WHAT YOU HAVE TO DO => From the listing below, copy only the lines running from the line that contains "Figur 5, Multiverktyg, egen bild." to the line that contains "Användningsområde: Detta verktyg", both included.
-------- INPUT --------
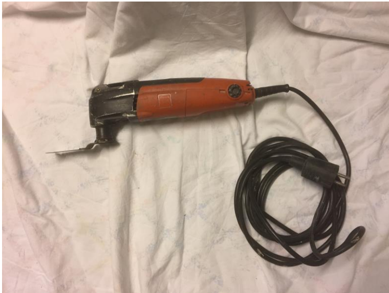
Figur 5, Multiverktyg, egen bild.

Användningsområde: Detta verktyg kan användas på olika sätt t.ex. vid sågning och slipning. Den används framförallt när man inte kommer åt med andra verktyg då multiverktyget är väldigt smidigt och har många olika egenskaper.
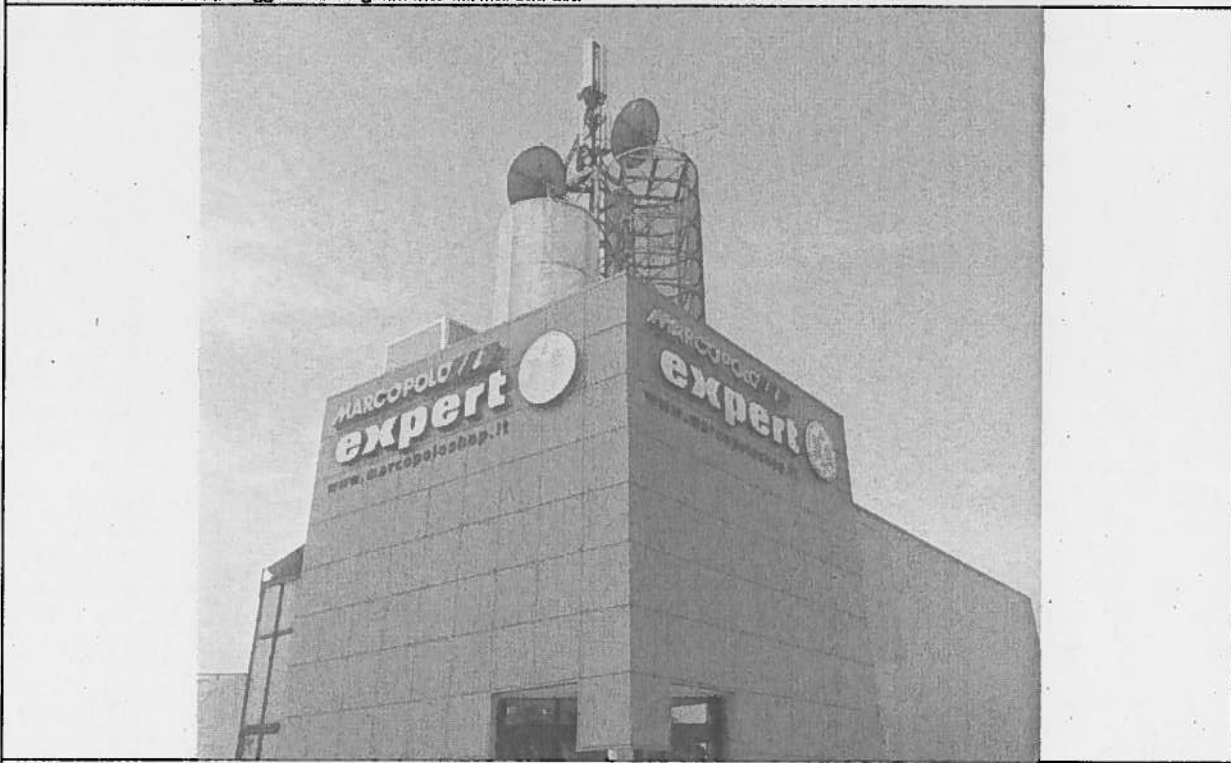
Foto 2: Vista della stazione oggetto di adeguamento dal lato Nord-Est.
--------
-------- INPUT --------
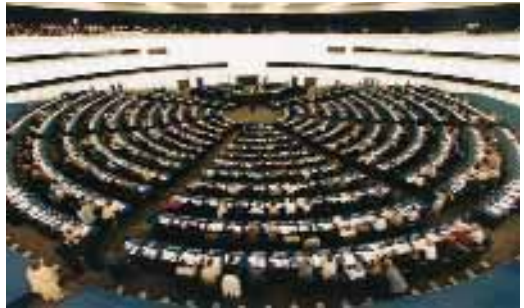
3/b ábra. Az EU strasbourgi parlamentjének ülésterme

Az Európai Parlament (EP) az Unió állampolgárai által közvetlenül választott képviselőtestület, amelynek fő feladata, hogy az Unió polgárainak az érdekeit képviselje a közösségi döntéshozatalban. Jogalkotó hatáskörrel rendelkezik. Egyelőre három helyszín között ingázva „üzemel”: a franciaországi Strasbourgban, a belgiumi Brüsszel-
--------
RESPONSE BELOW =>
Figur 5, Multiverktyg, egen bild.

Användningsområde: Detta verktyg kan användas på olika sätt t.ex. vid sågning och slipning. Den används framförallt när man inte kommer åt med andra verktyg då multiverktyget är väldigt smidigt och har många olika egenskaper.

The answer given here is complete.